=== SUPPLIED RECORDS ===
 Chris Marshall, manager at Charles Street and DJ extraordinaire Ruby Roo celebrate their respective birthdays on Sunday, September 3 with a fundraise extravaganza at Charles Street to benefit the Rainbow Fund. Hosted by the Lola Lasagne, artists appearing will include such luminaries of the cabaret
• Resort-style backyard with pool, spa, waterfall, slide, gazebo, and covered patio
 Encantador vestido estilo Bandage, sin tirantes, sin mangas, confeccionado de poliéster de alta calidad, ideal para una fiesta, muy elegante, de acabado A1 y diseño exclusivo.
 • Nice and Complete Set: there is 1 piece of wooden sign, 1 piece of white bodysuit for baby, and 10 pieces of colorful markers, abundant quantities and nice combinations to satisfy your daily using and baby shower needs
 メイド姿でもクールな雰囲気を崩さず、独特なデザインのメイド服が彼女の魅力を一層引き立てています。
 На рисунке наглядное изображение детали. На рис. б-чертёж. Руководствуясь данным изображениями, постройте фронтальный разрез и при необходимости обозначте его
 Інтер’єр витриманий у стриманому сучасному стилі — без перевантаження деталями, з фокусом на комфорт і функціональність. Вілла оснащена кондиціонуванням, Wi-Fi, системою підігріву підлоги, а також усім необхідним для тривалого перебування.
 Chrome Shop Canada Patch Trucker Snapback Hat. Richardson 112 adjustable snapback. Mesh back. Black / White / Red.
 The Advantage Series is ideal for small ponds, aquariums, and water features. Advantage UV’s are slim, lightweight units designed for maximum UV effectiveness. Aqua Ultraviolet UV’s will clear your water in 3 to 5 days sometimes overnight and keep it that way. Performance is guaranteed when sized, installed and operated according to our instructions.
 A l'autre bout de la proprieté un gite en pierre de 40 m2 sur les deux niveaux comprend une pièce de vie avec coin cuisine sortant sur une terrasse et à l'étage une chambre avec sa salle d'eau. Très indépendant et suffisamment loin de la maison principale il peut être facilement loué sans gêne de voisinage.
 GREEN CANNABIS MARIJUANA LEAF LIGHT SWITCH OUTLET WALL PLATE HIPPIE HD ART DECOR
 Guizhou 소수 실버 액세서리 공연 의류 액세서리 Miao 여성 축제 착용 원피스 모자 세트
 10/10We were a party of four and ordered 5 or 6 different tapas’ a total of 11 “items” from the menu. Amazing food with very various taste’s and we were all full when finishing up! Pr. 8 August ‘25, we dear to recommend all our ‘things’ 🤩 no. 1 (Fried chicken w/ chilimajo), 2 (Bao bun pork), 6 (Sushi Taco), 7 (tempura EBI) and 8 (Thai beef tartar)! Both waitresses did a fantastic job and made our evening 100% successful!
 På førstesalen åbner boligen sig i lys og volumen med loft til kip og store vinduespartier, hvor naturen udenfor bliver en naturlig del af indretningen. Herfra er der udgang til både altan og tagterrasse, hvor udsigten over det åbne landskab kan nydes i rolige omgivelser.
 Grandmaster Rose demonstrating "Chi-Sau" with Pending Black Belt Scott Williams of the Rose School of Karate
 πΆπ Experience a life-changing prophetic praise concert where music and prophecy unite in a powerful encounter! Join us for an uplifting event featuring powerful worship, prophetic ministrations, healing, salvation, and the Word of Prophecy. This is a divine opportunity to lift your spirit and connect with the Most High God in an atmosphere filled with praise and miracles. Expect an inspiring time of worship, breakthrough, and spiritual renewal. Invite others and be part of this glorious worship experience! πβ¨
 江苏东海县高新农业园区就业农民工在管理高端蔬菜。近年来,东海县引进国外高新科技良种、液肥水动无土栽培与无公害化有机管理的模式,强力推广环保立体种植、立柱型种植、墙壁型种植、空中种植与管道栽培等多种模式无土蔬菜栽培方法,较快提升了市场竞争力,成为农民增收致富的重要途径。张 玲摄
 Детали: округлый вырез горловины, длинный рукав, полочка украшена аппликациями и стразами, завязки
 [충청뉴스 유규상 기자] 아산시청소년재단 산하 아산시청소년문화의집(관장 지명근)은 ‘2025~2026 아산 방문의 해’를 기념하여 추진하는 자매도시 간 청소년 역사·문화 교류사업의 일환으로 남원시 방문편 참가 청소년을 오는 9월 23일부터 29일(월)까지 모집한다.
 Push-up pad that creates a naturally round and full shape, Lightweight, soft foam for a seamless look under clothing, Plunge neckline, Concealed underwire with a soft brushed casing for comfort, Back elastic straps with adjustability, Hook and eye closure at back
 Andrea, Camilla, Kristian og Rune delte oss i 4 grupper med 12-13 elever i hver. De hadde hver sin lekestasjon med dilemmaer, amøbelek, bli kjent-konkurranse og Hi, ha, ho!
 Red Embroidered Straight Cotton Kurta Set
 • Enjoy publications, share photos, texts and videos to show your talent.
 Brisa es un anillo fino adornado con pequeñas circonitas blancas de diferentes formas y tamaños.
===
__YOUR TASK__: Look above for the line with "GREEN CANNABIS MARIJUANA" and the line with "Guizhou 소수 실버". Retype those two lines and every line between them exactly, adding nothing.

__SOLUTION TO THIS PROBLEM__:
 GREEN CANNABIS MARIJUANA LEAF LIGHT SWITCH OUTLET WALL PLATE HIPPIE HD ART DECOR
 Guizhou 소수 실버 액세서리 공연 의류 액세서리 Miao 여성 축제 착용 원피스 모자 세트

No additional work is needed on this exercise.